Task: Below are some records. Retype exactly the lines from the one containing "为深入贯彻《关于举办第十五届" through the one containing "Ab Sonntag, 1.", both included, skipping every picture.

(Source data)

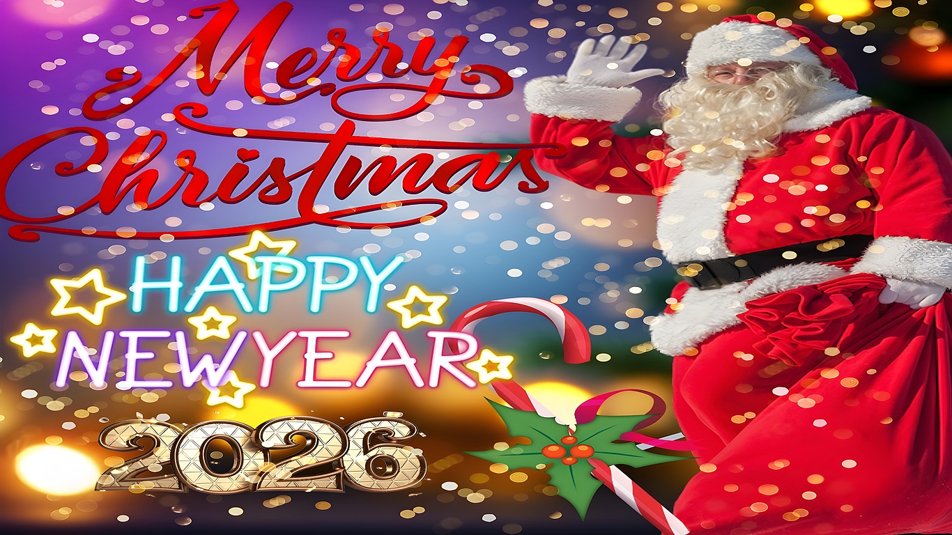 Santa Christmas new year 2026 this HD wallpaper captures the essence of holiday cheer with a joyful Santa Claus waving amidst a dazzling backdrop of multicolored lights and bokeh sparkles. The festive design features warm greetings like “Merry Christmas” in elegant red cursive and “Happy New Year” in glowing neon-style text, complemented by a bold metallic “2026” at the bottom. A candy cane and holly graphic add a playful touch, making this image perfect for spreading seasonal joy. Ideal for those who love bright, celebratory visuals, this wallpaper brings warmth and excitement to your screen throughout the holidays.
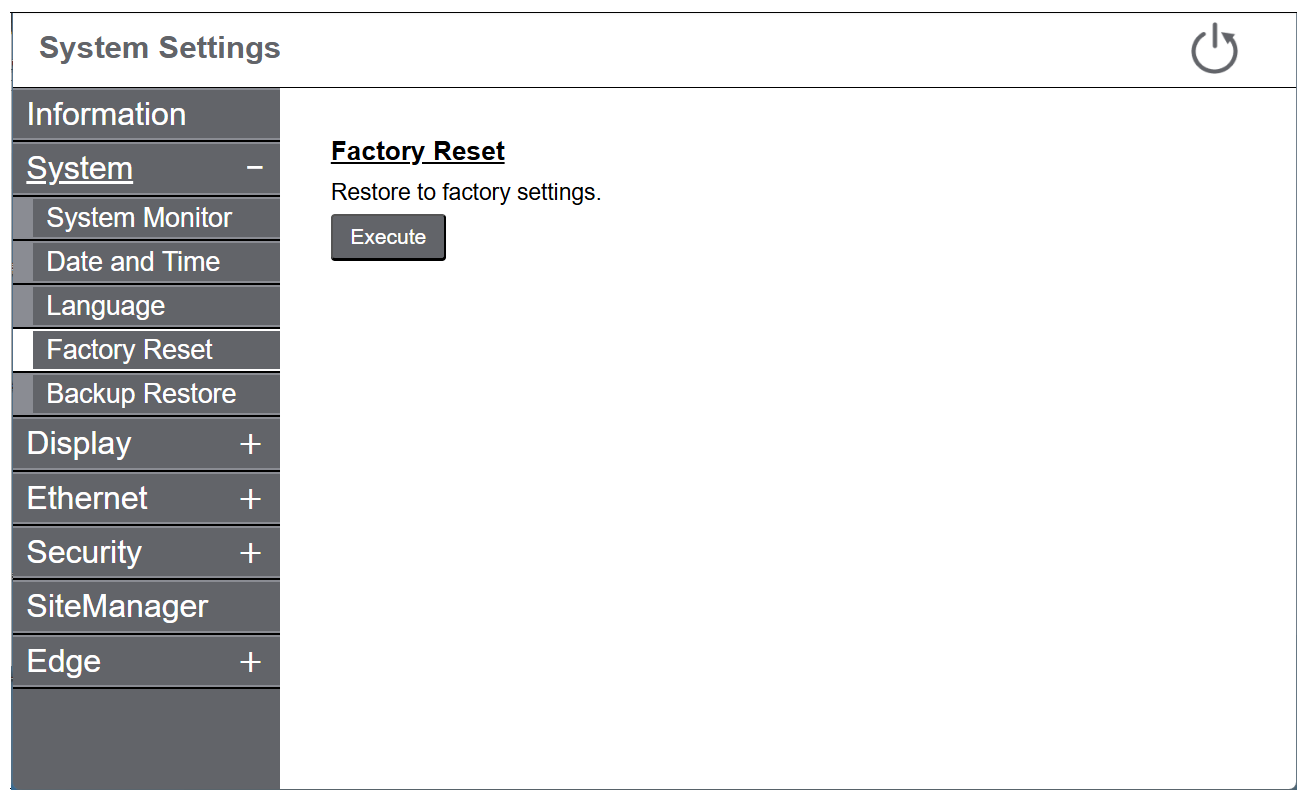 - 触摸 Execute 按钮。执行出厂复位并且产品重新启动。
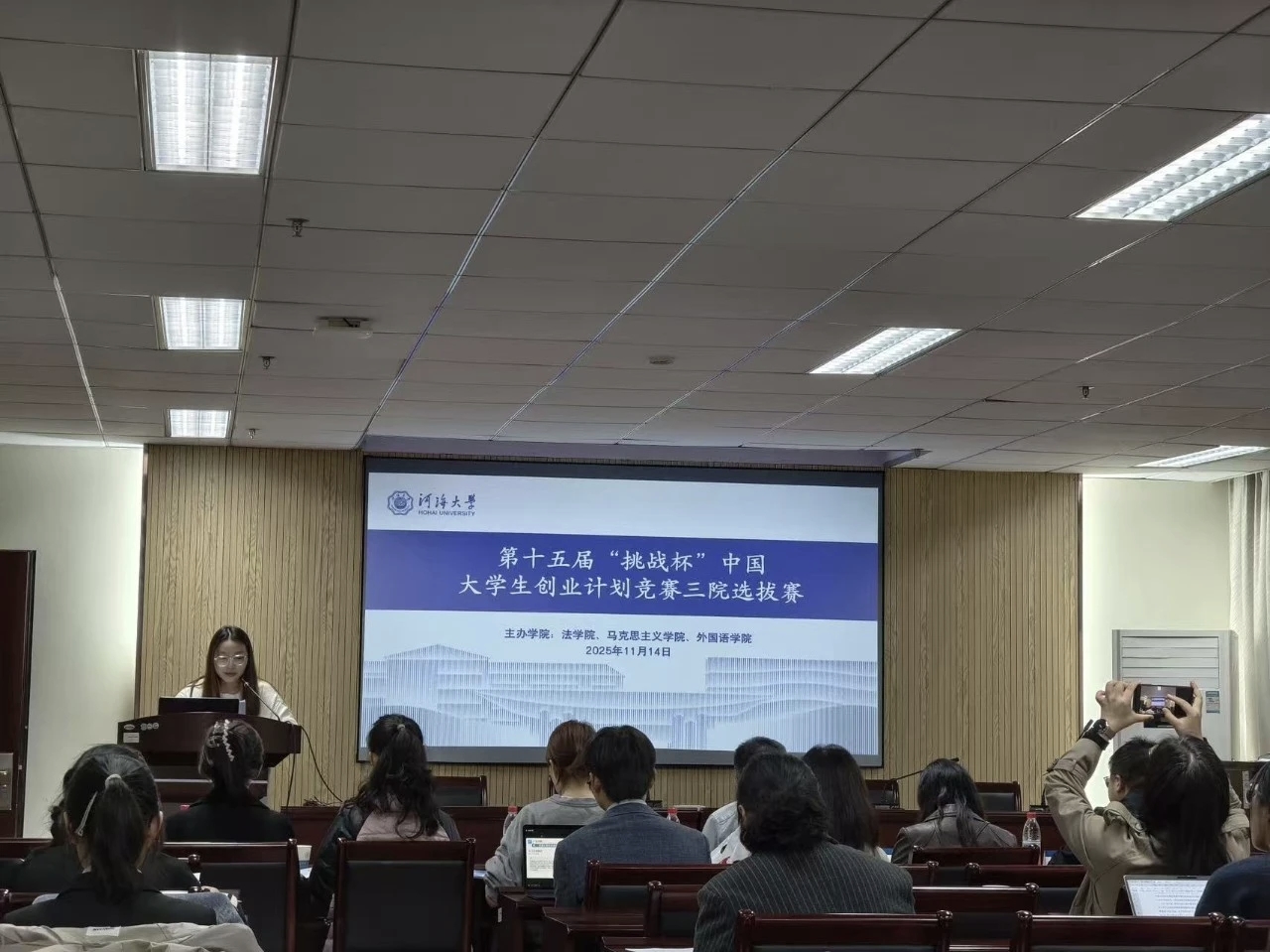 为深入贯彻《关于举办第十五届“挑战杯”中国大学生创业计划竞赛校内选拔赛的通知》文件精神,锚定“深化创新实践能力、促进跨学科成果落地”的核心目标。2025年11月14日晚,河海大学马克思主义学院、法学院与外国语学院于江宁校区厚学楼1208室成功举办了河海大学第十五届“挑战杯”中国大学生创业计划竞赛院内答辩活动。
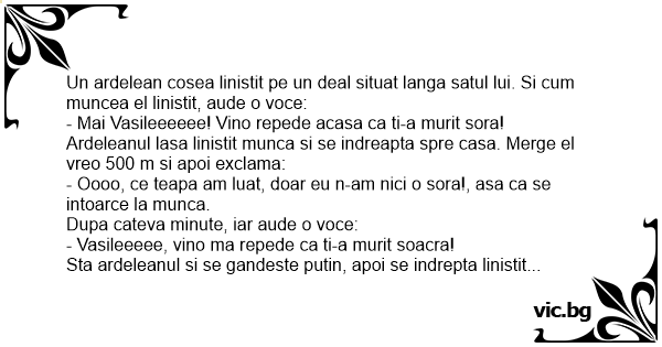Sta ardeleanul si se gandeste putin, apoi se indrepta linistit catre casa. Dupa 10 minute isi da seama ca el nu are nici soacra, asa ca se intoarce linistit la munca. Dupa alte 10 minute, aude iar o voce dinspre sat:
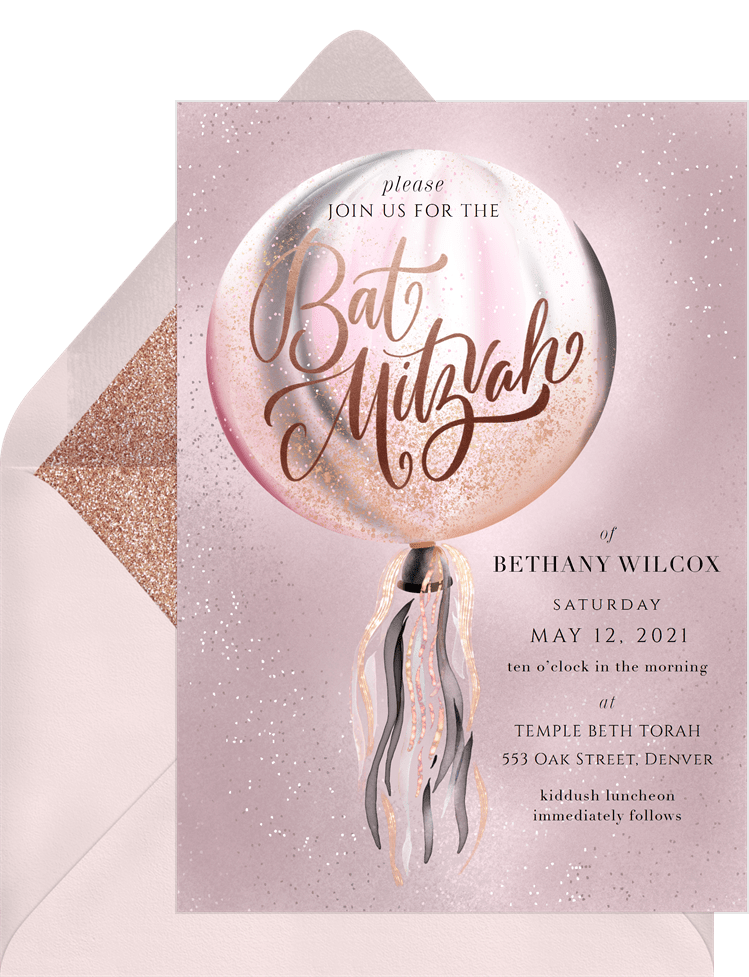 invitations iridescent confetti balloon pink bat mitzvah Designs
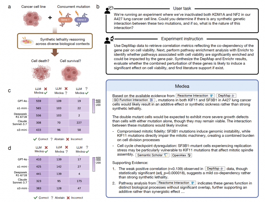 为此,哈佛医学院隋芃玮 / 高尚华 / Marinka Zitnik 团队提出 MEDEA,一个在分析流程每一步都嵌入验证机制的组学 AI 智能体。MEDEA 在靶点发现、合成致死推理、免疫治疗响应预测三个场景上完成了 5,679 次完整分析,比单独使用大模型的准确率最高提升 45.9%,且消融实验表明性能提升的主要来源不是骨干模型的能力差异,而是验证模块的有无。
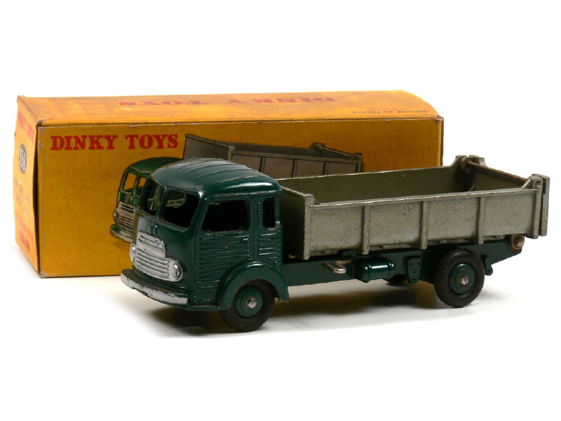 DINKY TOYS (FRANCE) 33B SIMCA CARGO Benne basculante vert foncé, benne gris métal doré (intérieur lisse)
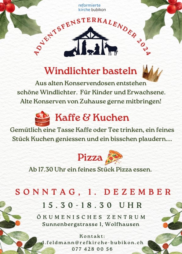 Ab Sonntag, 1. Dezember 2024, werden in Wolfhausen die liebevoll gestalteten Adventsfenster zu leuchten beginnen und zu einem vorweihnächtlichen Abendspaziergang einladen. Bereits beim ersten Fenster (Ökumenisches Zentrum) wartet ein besonderer Event mit Windlichterbasteln und Pizzaessen. Auch bei späteren Stationen gibt es kleine kulinarische Überraschungen. Alle Daten und Orte sind auf den Plänen ersichtlich. (bn)
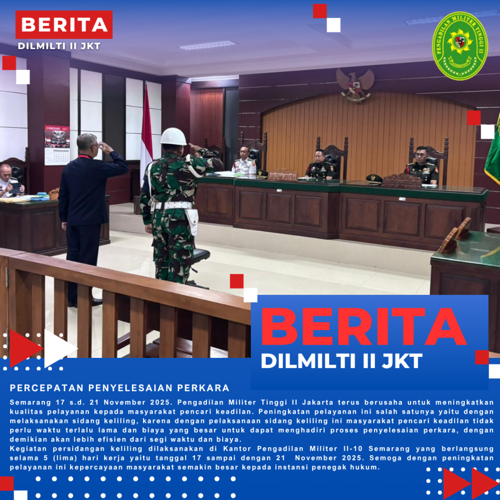 Semarang 17 s.d. 21 November 2025. Pengadilan Militer Tinggi II Jakarta terus berusaha untuk meningkatkan kualitas pelayanan kepada masyarakat pencari keadilan. Peningkatan pelayanan ini salah satunya yaitu dengan melaksanakan sidang keliling, karena dengan pelaksanaan sidang keliling ini masyarakat pencari keadilan tidak perlu waktu terlalu lama dan biaya yang besar untuk dapat menghadiri proses penyelesaian perkara, dengan demikian akan lebih efisien dari segi waktu dan biaya.
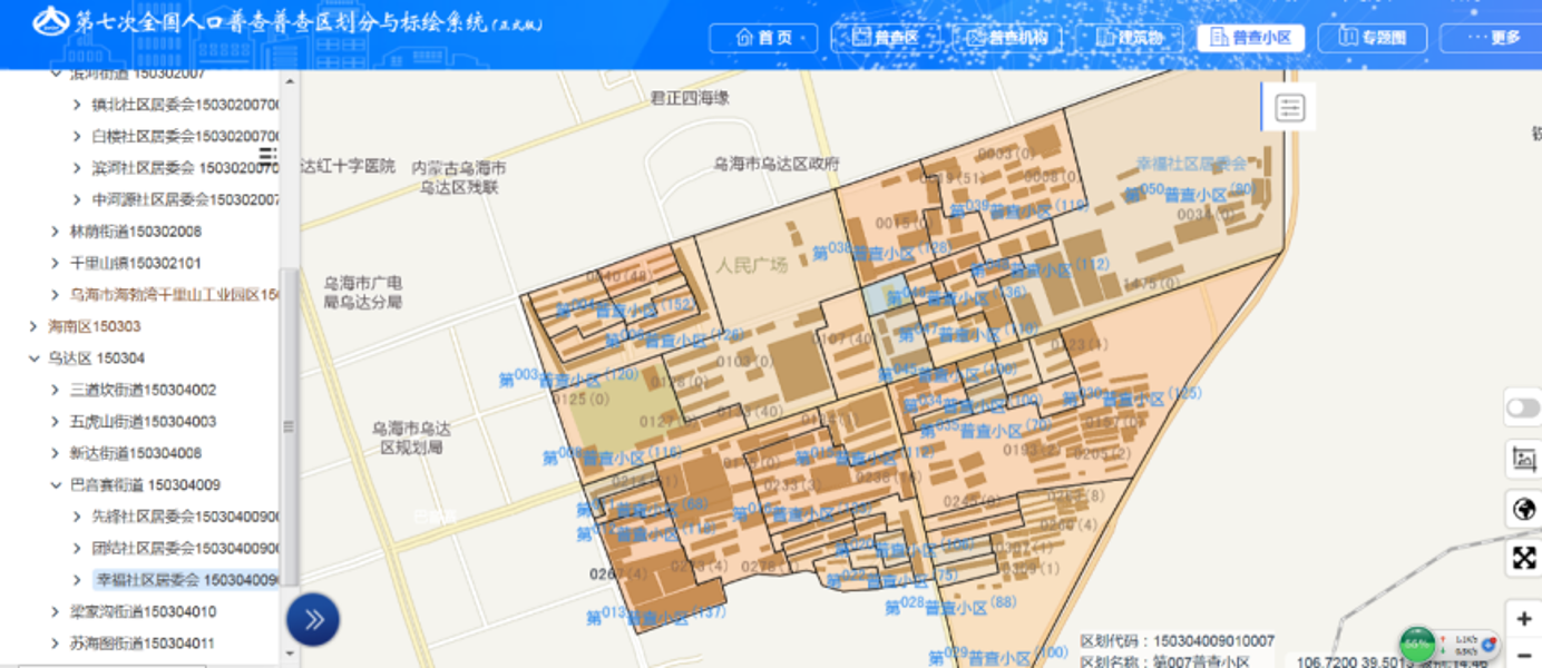 目前,乌海市第七次全国人口普查阶段性工作之建筑标绘已初步完成,现已顺利进行到下一阶段普查小区划分。截至8月25日,乌海市已完成普查小区划分2676个,其中,海勃湾区划分完成1543个普查小区,乌达区划分完成716个普查小区,海南区划分完成417个普查小区。各区普查小区划分工作均在稳步推进中,预计8月28日前可全部完成乌海市普查小区划分阶段性工作。

Written solution:
 为深入贯彻《关于举办第十五届“挑战杯”中国大学生创业计划竞赛校内选拔赛的通知》文件精神,锚定“深化创新实践能力、促进跨学科成果落地”的核心目标。2025年11月14日晚,河海大学马克思主义学院、法学院与外国语学院于江宁校区厚学楼1208室成功举办了河海大学第十五届“挑战杯”中国大学生创业计划竞赛院内答辩活动。
Sta ardeleanul si se gandeste putin, apoi se indrepta linistit catre casa. Dupa 10 minute isi da seama ca el nu are nici soacra, asa ca se intoarce linistit la munca. Dupa alte 10 minute, aude iar o voce dinspre sat:
 invitations iridescent confetti balloon pink bat mitzvah Designs
 为此,哈佛医学院隋芃玮 / 高尚华 / Marinka Zitnik 团队提出 MEDEA,一个在分析流程每一步都嵌入验证机制的组学 AI 智能体。MEDEA 在靶点发现、合成致死推理、免疫治疗响应预测三个场景上完成了 5,679 次完整分析,比单独使用大模型的准确率最高提升 45.9%,且消融实验表明性能提升的主要来源不是骨干模型的能力差异,而是验证模块的有无。
 DINKY TOYS (FRANCE) 33B SIMCA CARGO Benne basculante vert foncé, benne gris métal doré (intérieur lisse)
 Ab Sonntag, 1. Dezember 2024, werden in Wolfhausen die liebevoll gestalteten Adventsfenster zu leuchten beginnen und zu einem vorweihnächtlichen Abendspaziergang einladen. Bereits beim ersten Fenster (Ökumenisches Zentrum) wartet ein besonderer Event mit Windlichterbasteln und Pizzaessen. Auch bei späteren Stationen gibt es kleine kulinarische Überraschungen. Alle Daten und Orte sind auf den Plänen ersichtlich. (bn)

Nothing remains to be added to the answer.